For this exercise, repeat exactly the lines below starting at the line holding "u het apparaat" and ending at the line holding "Ərinmiş pendiri birbaşa", both included, with no extra lines and no pictures.

Records shown ::
=-=-=
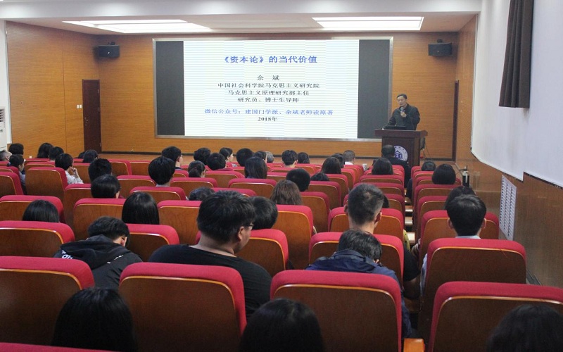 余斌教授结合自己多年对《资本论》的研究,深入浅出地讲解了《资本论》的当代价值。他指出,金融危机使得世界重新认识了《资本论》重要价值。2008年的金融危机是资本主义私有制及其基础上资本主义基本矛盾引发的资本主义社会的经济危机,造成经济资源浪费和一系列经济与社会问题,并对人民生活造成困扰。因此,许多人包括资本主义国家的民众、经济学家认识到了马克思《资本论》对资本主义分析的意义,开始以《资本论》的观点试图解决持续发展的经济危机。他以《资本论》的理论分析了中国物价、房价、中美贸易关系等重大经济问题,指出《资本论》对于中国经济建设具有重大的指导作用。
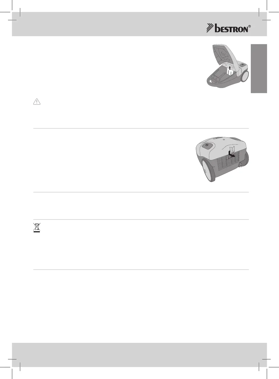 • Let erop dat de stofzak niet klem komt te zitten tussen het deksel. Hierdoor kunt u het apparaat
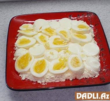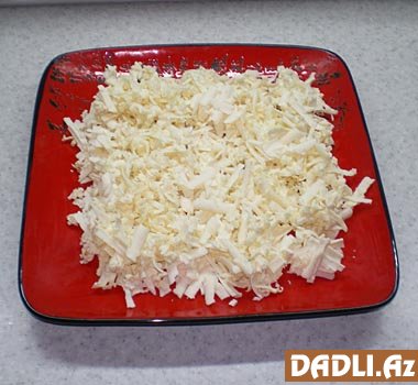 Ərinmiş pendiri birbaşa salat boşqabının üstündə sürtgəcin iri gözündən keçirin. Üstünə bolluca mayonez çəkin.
=-=-=
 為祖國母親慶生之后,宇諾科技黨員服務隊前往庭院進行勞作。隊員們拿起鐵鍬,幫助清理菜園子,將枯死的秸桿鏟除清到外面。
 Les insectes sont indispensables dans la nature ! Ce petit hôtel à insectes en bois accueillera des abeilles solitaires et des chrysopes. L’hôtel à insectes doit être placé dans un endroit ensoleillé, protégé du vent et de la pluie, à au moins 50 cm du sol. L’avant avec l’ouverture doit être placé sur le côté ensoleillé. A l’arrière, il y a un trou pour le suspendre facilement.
=-=-=
Response to this exercise ::
 • Let erop dat de stofzak niet klem komt te zitten tussen het deksel. Hierdoor kunt u het apparaat
 Ərinmiş pendiri birbaşa salat boşqabının üstündə sürtgəcin iri gözündən keçirin. Üstünə bolluca mayonez çəkin.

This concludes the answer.